Sauvé par une babouche

Dans Eh bien, dansez maintenant…, Marc Lambron se fait «menu chroniqueur des très riches heures de la sarkozye» (p. 174), en l’occurrence de la première année de la présidence de Nicolas S. Sa série de «croquis» (p. 231) — du prince lui-même, de ses épouses, de ses prédécesseurs, de ses sous-fifres, de ses adversaires — se laisse lire d’un œil distrait.

Puis, subitement, on tombe sur la phrase suivante : «Garant de la laïcité, n’allant d’ailleurs guère à la messe, [Nicolas Sarkozy] soutenait pourtant que la ferveur des croyants doit être mise au service de l’intérêt civique, prompt à baiser tactiquement la mule du pape, sinon la babouche de l’imam» (p. 90-91). Avant l’apparition de la babouche, on aurait pu s’interroger sur le rapport du président français aux animaux. Heureusement que cette babouche est là.

 

Référence

Lambron, Marc, Eh bien, dansez maintenant…, Paris, Grasset, 2008, 231 p.

Le zeugme du dimanche matin et de Jean Echenoz

Jean Echenoz, Des éclairs, 2010, couverture

«Non qu’il soit ni se sente contraint par qui que ce soit de produire, trouver des idées nouvelles et inventer toujours, c’est juste que c’est plus fort que lui, étant à cet égard et à ses yeux — car détenant, il faut bien le dire, une assez haute idée de lui-même — plus imaginatif que tout le monde.»

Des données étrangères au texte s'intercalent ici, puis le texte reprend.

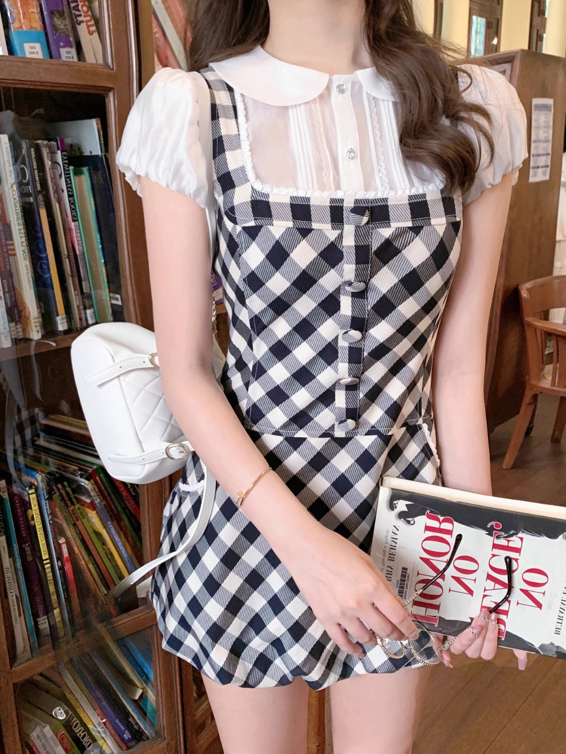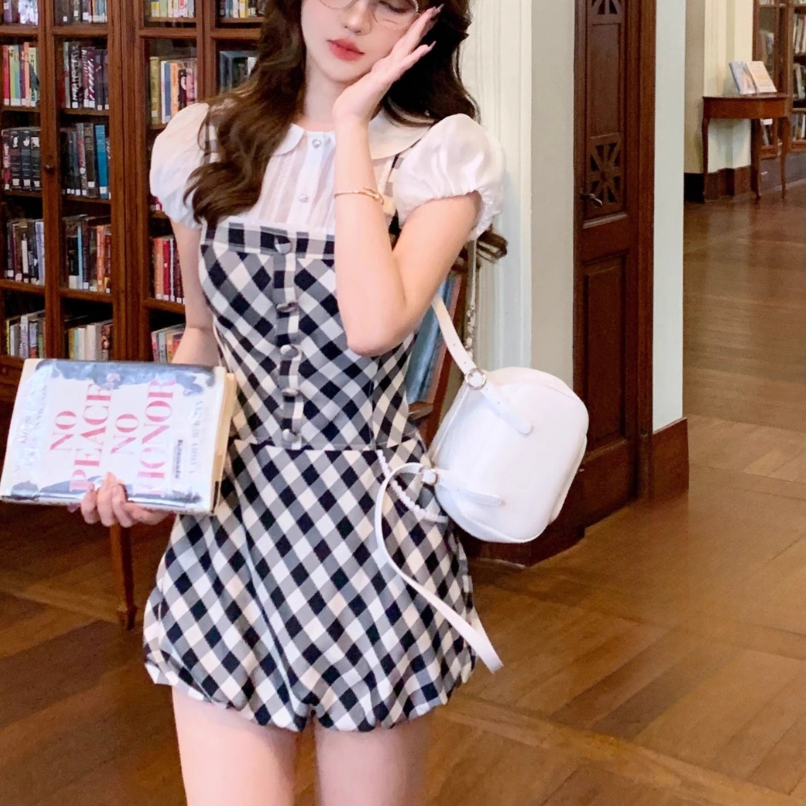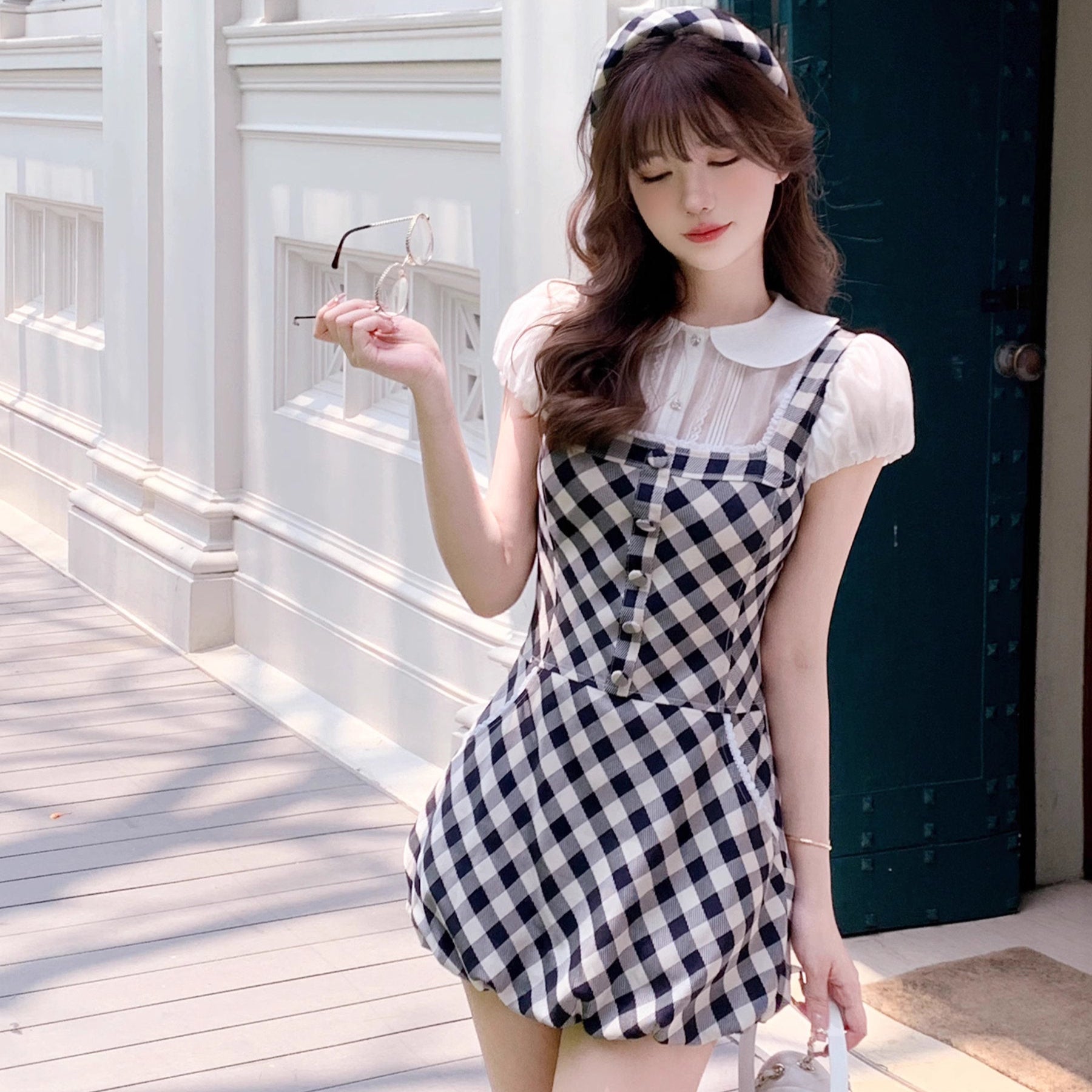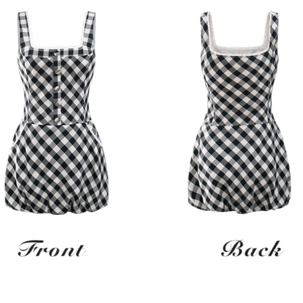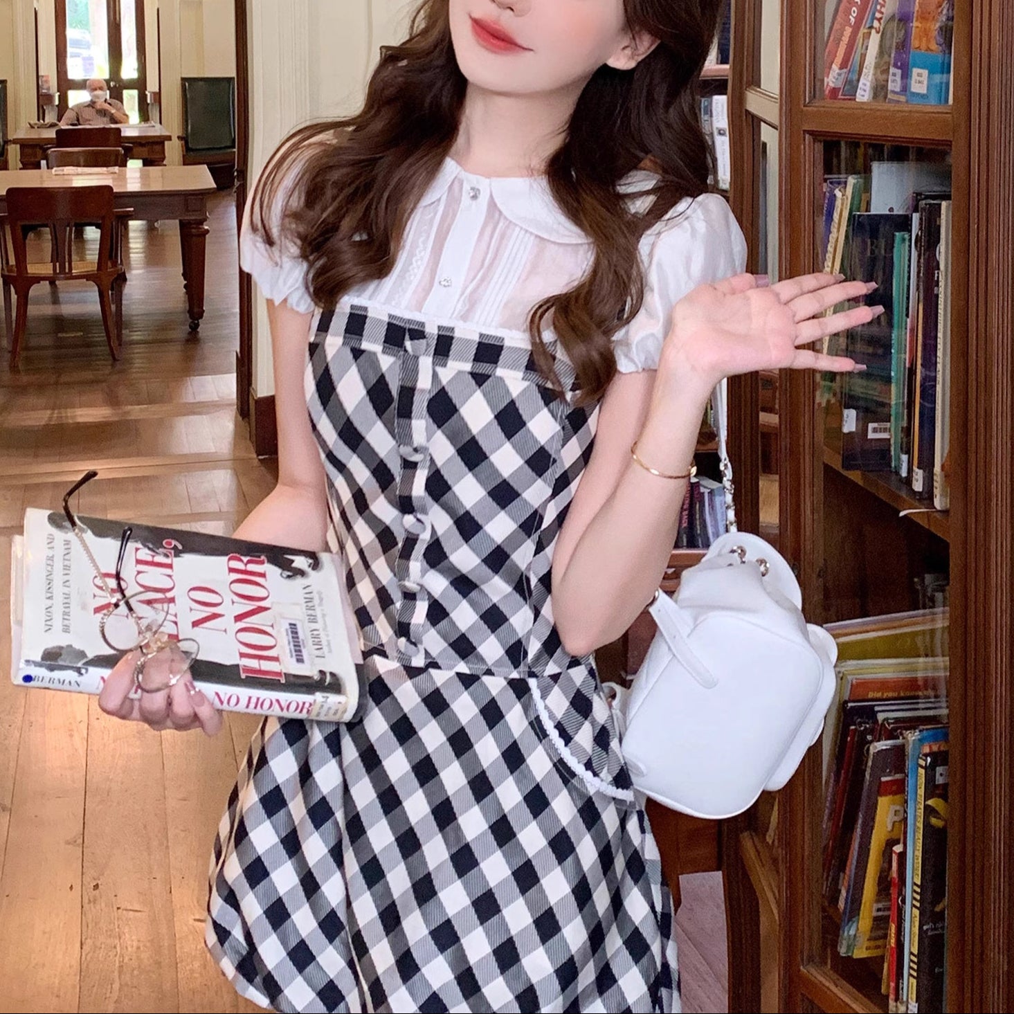 ドーリー襟付きギンガムチェックワンピース_R0132

Jean Echenoz, Des éclairs. Roman, Paris, Éditions de Minuit, 2010, 174 p., p. 43.

 

(Une définition du zeugme ? Par .)

Lettre au Gros Bon Sens

Cher Gros Bon Sens,

Je viens de voir la publicité que vous signez aujourd’hui dans la Presse (p. A15) pour un nouveau véhicule de Nissan.

Publicité fautive de Nissan, la Presse, 2010

 

Pareille publicité, en couleurs, sur deux pages, doit coûter fort cher. J’imagine que vous voulez limiter le prix de vos véhicules. Je comprends tout ça.

Sont-ce des raisons suffisantes pour faire des économies en matière de langue ? Cela vous aurait-il coûté beaucoup plus cher d’engager quelqu’un qui maîtrise l’emploi du subjonctif ?

Signé : Un lecteur qui trouve que c’est bien beau parler d’innovations, encore faut-il que ça soit écrit correctement.

La bosse de la publicité

Le Réseau de transport de la Capitale — il s’agit évidemment de Québec — est en campagne publicitaire.

Publicité pour les transports en commun, Ville de Québec, 2010

Celle-ci permet de rappeler une fois de plus la forte présence du tutoiement dans la publicité québécoise : «ton quotidien», «essaie-le».

Elle donne l’occasion d’indiquer au non-autochtone que le mot bus au Québec rime parfois avec prépuce (le busse), mais aussi avec crosse (le bosse). Par ailleurs, le verbe bosser désigne moins le travail («T’as intérêt à bosser») que le fait de donner des ordres («Arrête de me bosser»).

Cette campagne publicitaire oblige surtout à se poser une question : que fait là le mot «bus» ? Est-il simplement juxtaposé à «ton quotidien» ? Faut-il plutôt l’entendre comme un verbe, ce qui nécessiterait la prononciation en –osse ? Busse ton quotidien n’aurait, en effet, aucun sens. Bosse ton quotidien, guère plus, objectera-t-on, mais ce ne serait pas la première fois qu’un publicitaire sacrifierait le sens à un effet de manche.

On ne saurait mieux dire

Un spectacle sera bientôt consacré au chanteur québécois Jean-Pierre Ferland. Le metteur en scène, Serge Postigo, expliquait cette semaine à la radio de Radio-Canada qu’il ne voulait pas que Ferland se sente «hommagé» par ce spectacle. L’Oreille tendue est parfaitement d’accord avec Serge Postigo : elle ne souhaite pas elle non plus que Ferland soit «hommagé».